Blogging by definition is amateur journalism. As a consequence today’s news or commentary is tomorrow’s history. But as many readers will know history is very important to me and I have resisted the suggestion that previous blogs be rewritten, condensed or even removed from my website, in order to make it more suitable for the search engines. I was reminded of this recently when a friend asked whether I had written anything on fuel reduction burning and other aspects of the logging industry.

A google search brought up one or two of the more recent pieces on this subject but the remainder – I later discovered more than a dozen – stayed buried. Consequently I searched my own blog archives and came up with most of the others. Some of the pieces may be slightly dated but generally speaking they remain topical today. There also remains a certain amount of repetition – a general feature of both journalism and politics. What follows is a brief summary of some of these not so easily found articles.

One of the first I found was a blog on Aboriginal burning entitled Firestick Farming Controlled Burns and Climate Change which looked at the propaganda that promoted widespread controlled burns. This was because it was supposedly a practice widespread in Gippsland and across Australia before the arrival of Europeans.
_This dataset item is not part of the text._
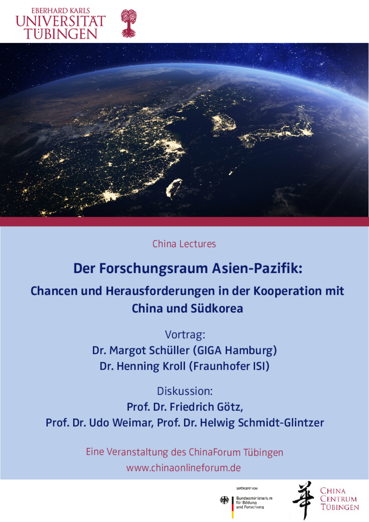 Im Licht des Vortrags diskutieren anschließend Forscher der Universität Tübingen ihre langjährigen Kooperationserfahrungen mit China sowie Chancen und Herausforderungen bei der zukünftigen Zusammenarbeit. Im Panel diskutieren Prof. em. Dr. Friedrich Götz (Mikrobielle Genetik), Prof. Dr. Udo Weimar (Phys. u. Theoret. Chemie), Prof. Dr. Helwig Schmidt-Glintzer (Sinologie).

The evidence, at least for Gippsland, suggests otherwise.

Other blogs more specific to the burning practice included Controlled Burns, Asset Protection and Climate Change which highlighted the work of Dr David Cheal and came to the conclusion that these burns “in terms of asset protection, [were] useless and a waste of resources” and that logging and burning practices should be phased out as quickly as possible.

Dr Cheal was the keynote speaker at the Burning Issue symposium chaired by Deb Foskey, to which I made a small contribution. This in turn was based on earlier research blogged as Logging Coupe Burns and Greenhouse Gas Emissions which looked in some detail at how disastrous the practice of clearfell logging and associated burning was for climate change. It was clear then that the loggers and the bureaucrats had little idea of the science of climate inertia, forests as a carbon store and other aspects of climate change and the climate emergency.
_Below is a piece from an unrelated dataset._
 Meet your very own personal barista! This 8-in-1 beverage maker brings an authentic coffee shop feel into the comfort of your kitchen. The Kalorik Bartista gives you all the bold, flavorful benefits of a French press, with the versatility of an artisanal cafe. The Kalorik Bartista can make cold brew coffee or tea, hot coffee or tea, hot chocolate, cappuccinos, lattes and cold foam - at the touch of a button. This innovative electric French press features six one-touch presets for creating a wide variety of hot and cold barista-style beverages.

This was highlighted by the recent wholesale removal of trees along roads near Cape Conran and the Mitchell River National Park. The only so-called assets these planned burns are protecting are logging coupes and the whole ‘burning’ process is abused and misdirected. Obviously many bureaucrats and politicians need to be educated on climate change and the climate emergency. When they have some knowledge, even an inkling of possible future climate disasters, the logging economy will disappear and be replaced by the forest protection and fire prevention.